You gonna probably like this post also:

Abstract: there are some cheaper alternatives, we should study them and re-scale our perspectives.

I think there's a defining line between 'Cost of Laptops' and 'Cost of Deployment'.

I'd feel better if the OLPC just provided laptops and left deployment and implementation up to the Government they sold the laptops to. The 'costs' then become more concrete as far as money flowing out of the country to pay the OLPC/Laptop manufacturer.

As far as a 'Poor Country' is concerned, they lack technology cheap enough to deploy to the school age children. The OLPC should just provide that technology and keep out of the 'follow-on' market.

The Government in question can then spread the costs of running a technological education across their current education budget since many usage costs come within the scope of normal school budgets.

While I've always defended the honor of the OLPC project's economic vision, I've never understood why they don't feel they can do a pilot project. "No, you can't buy 1,000 laptops at $300 apiece to test it out. It's all or nothing, people!"

As far as I can tell, this is the biggest single worldwide educational project in history. Wouldn't it benefit everyone (the tech guys, the bean counters, most importantly the kids) to take the long view?

Quick note for your Spanish translation: "(...)not to face gigantic financings for mastodónticos projects."

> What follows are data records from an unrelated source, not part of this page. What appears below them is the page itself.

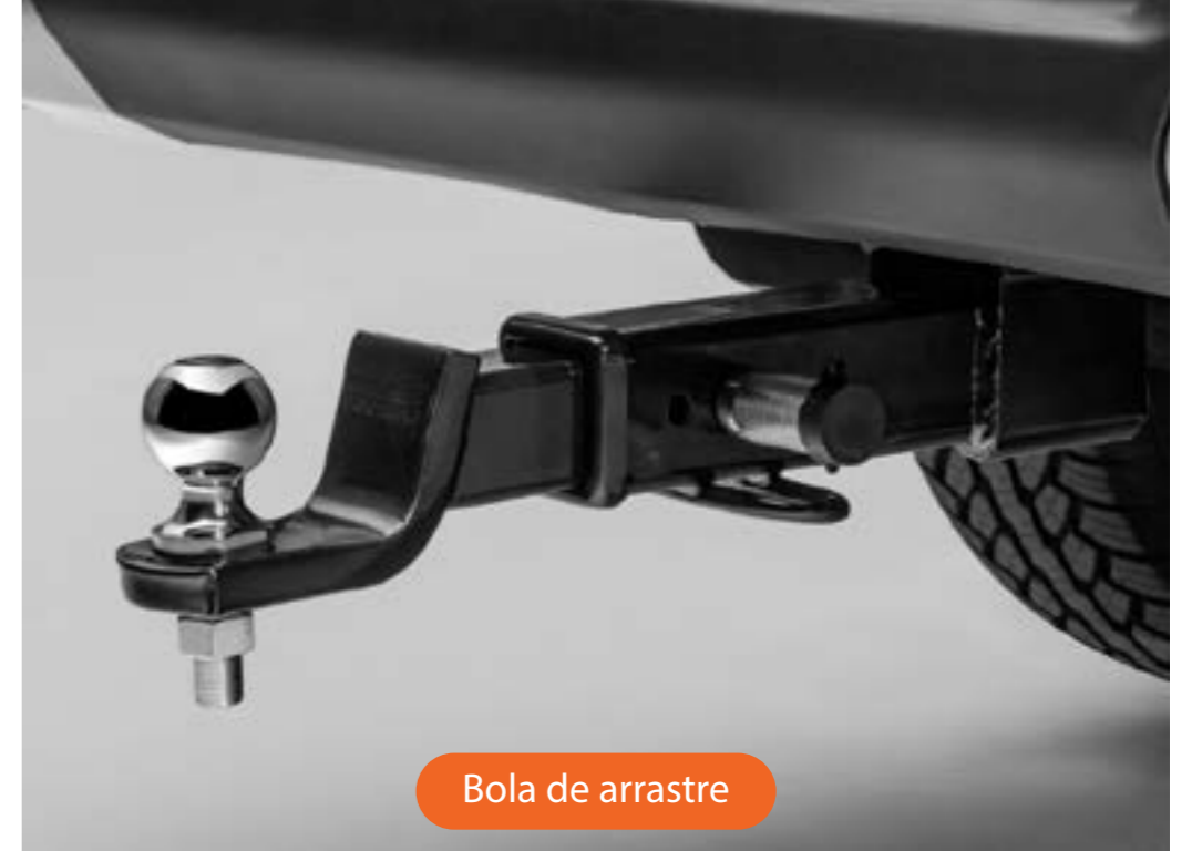
Bola de arrastre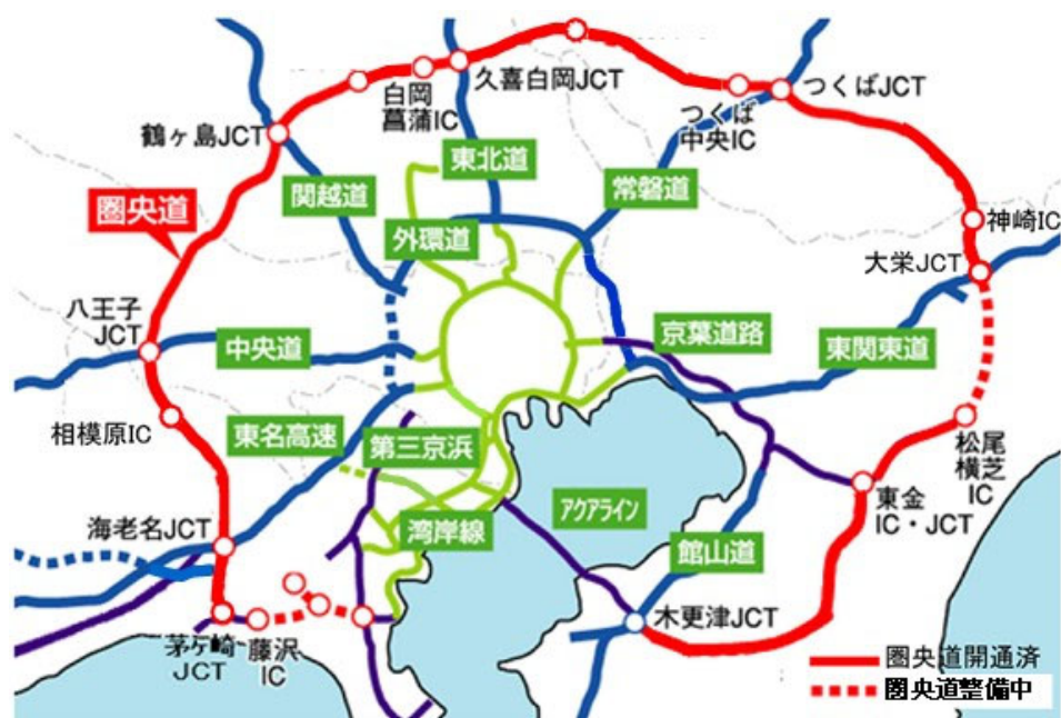
首都圏中央連絡自動車道)概略図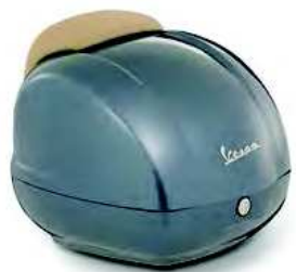
GRIGIO DOLOMITI cod. CM273337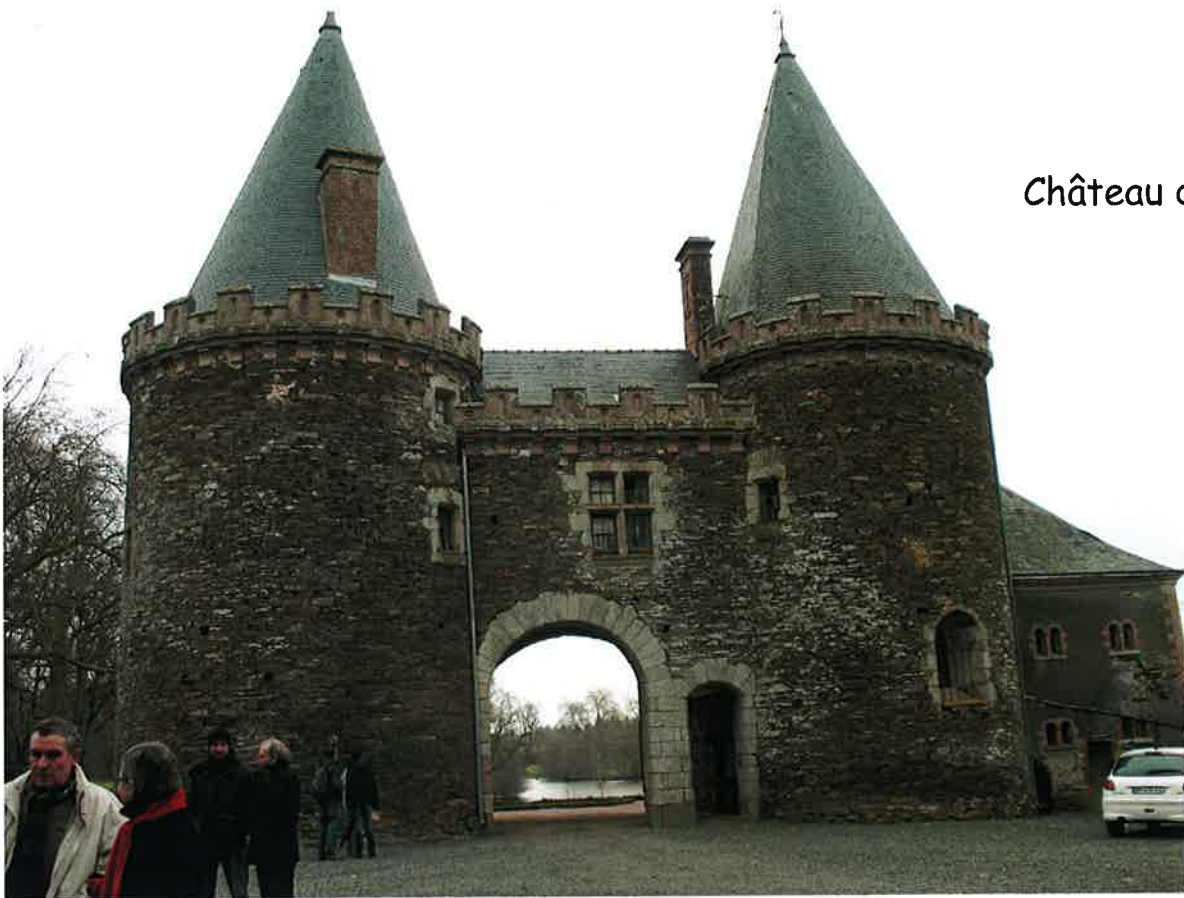
Château du Plessis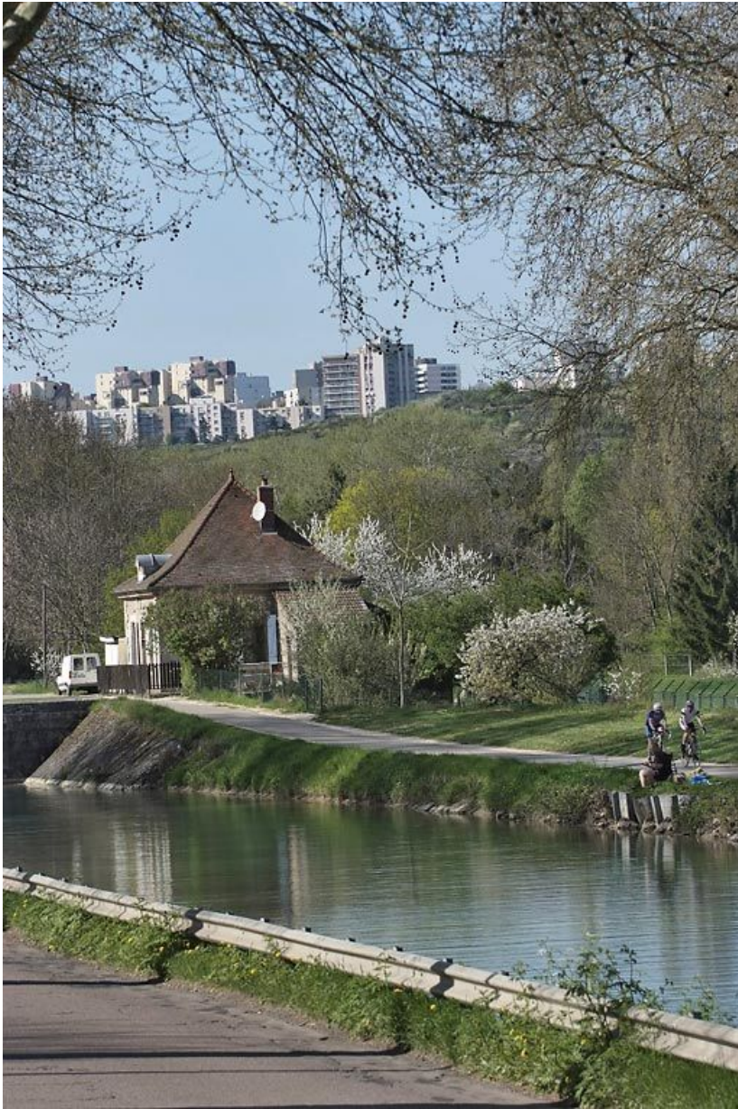
Le site d'écluse vu d'aval avec la colline de Talant en arrière-plan. 21, Dijon, lieudit : Fontaine-d'Ouche

"mastodónticos" -> informally, "humongous", "colossal".

The resistance to pilot projects is the root of my personal gripe with the OLPC project; the huge cost is just the most obvious reason for why one might want to do such a pilot project. OLPC has even shown their willingness and interest in working with coalitions of nations (see the IADB and laptop.org release on the Central American nations working as a group). Really, why can't they encourage a more global network of nations to band together for the first order or two, giving each nation a few thousand (give or a take a power of 10) laptops for their internal pilot projects.

Heck, why leave it to nations? If you get a few big projects, a lot of small, sub-national groups could get in on the action with lots of 10, 100, 1000 laptops each.

I suspect the answer to this is manpower in the initial set-up of school servers, mesh extenders, satellite dishes, training, shipping/distribution, and so on - these all benefit from economies of scale, and transaction costs increase with the number of different organizations involved. But of course, these costs are all just pennies a month, right, so it shouldn't really matter...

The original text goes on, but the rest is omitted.